_WHAT YOU SHOULD DO_.
Look below for the line with "Black and white" and the line with "Thread Changes |"; repeat exactly those two lines and all lines between them, but no pictures.

_MATERIALS PROVIDED_.
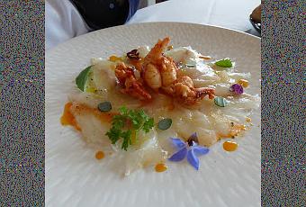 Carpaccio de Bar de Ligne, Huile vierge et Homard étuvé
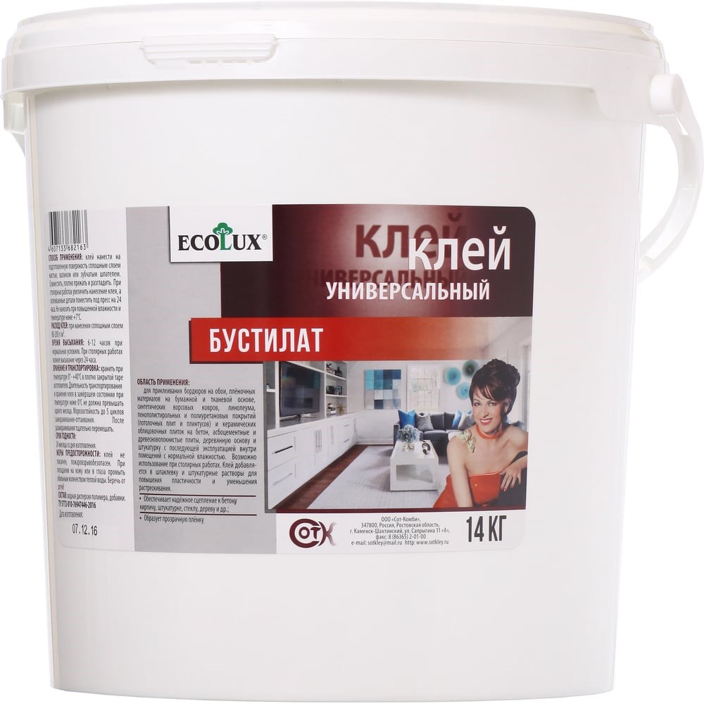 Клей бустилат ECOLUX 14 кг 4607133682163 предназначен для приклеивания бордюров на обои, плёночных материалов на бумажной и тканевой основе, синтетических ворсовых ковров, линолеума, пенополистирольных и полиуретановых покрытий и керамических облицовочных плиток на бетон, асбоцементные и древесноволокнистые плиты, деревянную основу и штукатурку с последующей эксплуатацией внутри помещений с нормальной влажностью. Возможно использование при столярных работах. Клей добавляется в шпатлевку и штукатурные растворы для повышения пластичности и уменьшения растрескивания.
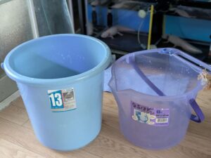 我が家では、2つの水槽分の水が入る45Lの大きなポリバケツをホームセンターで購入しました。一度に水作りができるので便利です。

---

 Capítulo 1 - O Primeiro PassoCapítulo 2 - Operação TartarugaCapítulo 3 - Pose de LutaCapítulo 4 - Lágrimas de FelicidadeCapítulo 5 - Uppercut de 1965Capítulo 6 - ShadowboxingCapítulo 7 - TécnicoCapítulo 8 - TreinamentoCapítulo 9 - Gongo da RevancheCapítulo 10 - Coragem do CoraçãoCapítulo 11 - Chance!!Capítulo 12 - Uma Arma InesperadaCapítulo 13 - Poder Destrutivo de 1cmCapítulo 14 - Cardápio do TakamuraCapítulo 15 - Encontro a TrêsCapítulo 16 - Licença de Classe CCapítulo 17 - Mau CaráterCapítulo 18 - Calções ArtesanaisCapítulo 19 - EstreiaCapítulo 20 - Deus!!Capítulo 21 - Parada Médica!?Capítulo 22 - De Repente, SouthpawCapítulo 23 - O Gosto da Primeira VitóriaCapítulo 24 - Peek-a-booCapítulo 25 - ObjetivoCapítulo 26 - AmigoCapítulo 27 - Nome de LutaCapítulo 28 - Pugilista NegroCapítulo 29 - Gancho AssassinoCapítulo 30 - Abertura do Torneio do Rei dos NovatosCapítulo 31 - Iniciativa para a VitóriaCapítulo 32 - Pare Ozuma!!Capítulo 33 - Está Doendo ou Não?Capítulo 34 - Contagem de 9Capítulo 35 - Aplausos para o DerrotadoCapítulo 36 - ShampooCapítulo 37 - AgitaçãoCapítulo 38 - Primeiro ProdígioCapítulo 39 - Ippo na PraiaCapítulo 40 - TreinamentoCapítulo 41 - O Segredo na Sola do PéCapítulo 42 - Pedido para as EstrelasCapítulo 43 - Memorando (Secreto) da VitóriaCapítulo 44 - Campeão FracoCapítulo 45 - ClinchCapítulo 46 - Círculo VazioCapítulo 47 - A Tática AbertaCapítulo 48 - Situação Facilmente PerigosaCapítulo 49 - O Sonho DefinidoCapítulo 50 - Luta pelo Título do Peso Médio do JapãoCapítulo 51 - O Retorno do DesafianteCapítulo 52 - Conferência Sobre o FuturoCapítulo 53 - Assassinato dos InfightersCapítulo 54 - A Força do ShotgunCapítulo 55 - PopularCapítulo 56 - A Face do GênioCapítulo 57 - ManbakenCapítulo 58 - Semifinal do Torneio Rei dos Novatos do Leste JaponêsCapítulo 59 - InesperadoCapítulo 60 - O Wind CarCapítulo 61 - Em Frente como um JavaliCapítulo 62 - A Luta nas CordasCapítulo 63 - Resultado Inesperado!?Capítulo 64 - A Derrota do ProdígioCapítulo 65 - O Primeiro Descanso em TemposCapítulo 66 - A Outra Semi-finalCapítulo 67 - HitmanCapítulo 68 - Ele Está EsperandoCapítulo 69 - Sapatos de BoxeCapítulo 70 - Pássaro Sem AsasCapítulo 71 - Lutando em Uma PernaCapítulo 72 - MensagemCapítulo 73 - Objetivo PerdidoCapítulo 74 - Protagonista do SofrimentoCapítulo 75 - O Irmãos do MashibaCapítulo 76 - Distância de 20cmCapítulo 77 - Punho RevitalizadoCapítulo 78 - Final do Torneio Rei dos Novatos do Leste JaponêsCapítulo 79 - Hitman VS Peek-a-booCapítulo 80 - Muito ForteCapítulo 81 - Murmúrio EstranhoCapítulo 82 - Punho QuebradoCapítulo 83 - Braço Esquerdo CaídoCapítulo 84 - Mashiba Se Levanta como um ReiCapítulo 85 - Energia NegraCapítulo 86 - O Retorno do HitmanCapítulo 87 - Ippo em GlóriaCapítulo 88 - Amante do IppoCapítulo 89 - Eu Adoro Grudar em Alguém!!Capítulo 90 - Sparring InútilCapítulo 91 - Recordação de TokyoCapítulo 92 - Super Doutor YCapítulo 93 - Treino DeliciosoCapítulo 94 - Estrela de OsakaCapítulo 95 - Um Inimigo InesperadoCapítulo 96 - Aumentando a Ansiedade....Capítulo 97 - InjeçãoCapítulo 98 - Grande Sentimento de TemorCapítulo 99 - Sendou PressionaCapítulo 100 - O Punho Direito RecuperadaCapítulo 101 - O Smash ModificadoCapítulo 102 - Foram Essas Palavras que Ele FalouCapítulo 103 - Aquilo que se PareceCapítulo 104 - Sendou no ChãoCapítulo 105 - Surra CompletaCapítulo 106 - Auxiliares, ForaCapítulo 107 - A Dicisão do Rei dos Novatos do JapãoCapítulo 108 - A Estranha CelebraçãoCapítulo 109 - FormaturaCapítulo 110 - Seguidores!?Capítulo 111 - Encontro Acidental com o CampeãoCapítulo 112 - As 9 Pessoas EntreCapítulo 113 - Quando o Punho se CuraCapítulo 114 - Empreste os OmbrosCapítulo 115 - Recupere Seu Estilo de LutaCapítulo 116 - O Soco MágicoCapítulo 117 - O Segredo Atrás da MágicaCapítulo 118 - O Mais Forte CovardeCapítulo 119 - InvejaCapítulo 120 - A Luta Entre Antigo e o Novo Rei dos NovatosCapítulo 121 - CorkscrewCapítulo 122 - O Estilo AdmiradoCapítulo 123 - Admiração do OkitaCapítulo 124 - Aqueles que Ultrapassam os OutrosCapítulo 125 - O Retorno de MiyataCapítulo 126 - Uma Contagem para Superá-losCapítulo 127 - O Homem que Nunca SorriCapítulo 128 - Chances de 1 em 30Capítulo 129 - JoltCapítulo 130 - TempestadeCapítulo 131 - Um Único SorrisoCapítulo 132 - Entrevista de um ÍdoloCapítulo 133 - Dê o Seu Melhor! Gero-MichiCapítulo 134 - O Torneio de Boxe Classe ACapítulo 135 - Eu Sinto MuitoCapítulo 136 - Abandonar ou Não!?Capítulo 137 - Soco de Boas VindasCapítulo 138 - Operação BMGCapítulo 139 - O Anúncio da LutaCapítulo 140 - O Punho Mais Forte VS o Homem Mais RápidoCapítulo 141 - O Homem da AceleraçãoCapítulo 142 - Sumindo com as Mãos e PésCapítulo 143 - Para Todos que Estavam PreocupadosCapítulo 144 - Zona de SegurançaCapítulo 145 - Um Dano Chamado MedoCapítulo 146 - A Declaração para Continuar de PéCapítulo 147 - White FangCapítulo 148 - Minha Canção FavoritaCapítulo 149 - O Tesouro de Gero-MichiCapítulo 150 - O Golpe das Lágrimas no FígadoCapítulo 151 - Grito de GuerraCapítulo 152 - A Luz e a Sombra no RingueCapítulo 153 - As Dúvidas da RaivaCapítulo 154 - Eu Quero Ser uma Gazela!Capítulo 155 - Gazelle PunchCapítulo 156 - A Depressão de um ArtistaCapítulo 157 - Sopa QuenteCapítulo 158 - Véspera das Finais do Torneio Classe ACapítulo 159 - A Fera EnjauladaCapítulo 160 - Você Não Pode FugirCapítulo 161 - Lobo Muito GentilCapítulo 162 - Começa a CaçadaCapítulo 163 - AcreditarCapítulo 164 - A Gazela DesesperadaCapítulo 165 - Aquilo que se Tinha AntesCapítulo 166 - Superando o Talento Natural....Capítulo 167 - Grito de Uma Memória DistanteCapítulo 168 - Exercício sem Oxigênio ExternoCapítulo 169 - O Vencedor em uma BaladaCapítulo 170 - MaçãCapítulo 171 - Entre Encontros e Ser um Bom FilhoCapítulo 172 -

==

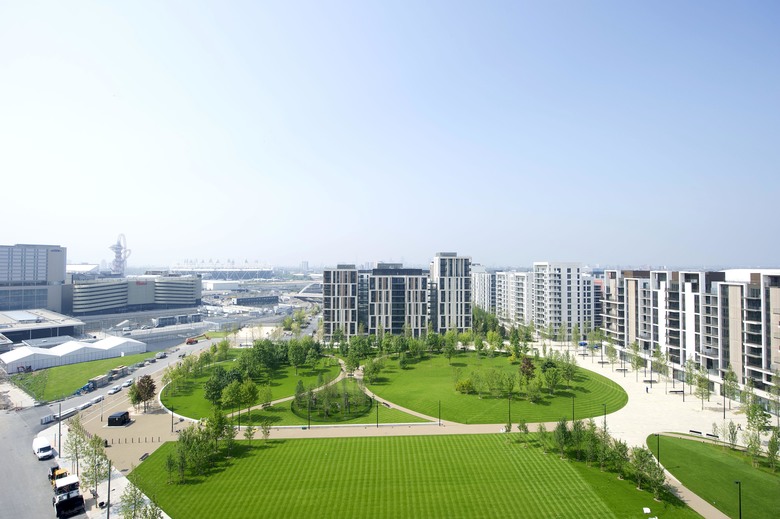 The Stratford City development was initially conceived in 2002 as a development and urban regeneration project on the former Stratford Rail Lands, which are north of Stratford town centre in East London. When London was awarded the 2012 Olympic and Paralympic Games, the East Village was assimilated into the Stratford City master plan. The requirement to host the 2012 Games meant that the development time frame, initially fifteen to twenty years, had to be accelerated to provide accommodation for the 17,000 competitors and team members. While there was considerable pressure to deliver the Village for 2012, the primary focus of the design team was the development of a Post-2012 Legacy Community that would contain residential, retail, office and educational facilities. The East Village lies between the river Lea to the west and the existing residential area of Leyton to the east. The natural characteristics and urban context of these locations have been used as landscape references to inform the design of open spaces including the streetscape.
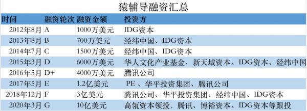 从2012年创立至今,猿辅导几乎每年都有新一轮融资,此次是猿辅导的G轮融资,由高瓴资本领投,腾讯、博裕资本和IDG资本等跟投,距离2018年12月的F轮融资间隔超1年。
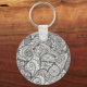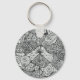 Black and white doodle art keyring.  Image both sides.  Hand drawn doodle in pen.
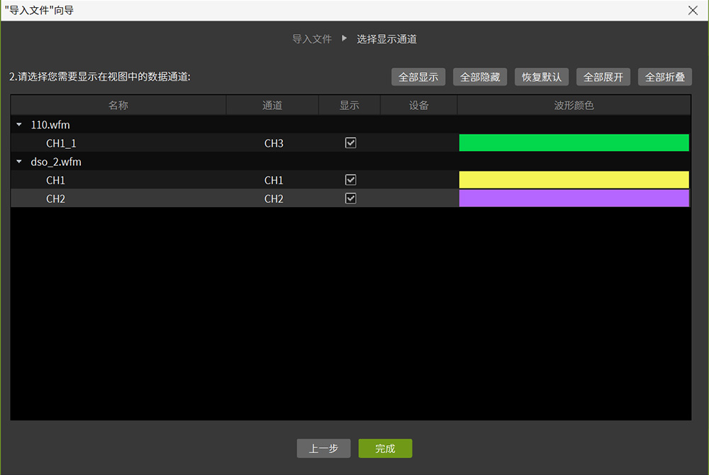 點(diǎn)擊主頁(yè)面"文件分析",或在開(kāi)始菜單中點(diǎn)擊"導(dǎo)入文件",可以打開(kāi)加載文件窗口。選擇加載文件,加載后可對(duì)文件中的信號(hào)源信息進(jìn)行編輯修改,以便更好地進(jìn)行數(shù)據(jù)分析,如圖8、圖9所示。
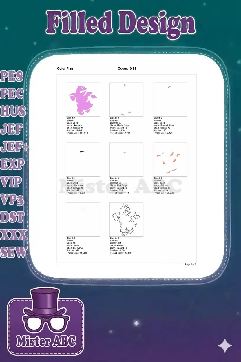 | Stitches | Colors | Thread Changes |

_RESULT_.
 Black and white doodle art keyring.  Image both sides.  Hand drawn doodle in pen.
 點(diǎn)擊主頁(yè)面"文件分析",或在開(kāi)始菜單中點(diǎn)擊"導(dǎo)入文件",可以打開(kāi)加載文件窗口。選擇加載文件,加載后可對(duì)文件中的信號(hào)源信息進(jìn)行編輯修改,以便更好地進(jìn)行數(shù)據(jù)分析,如圖8、圖9所示。
 | Stitches | Colors | Thread Changes |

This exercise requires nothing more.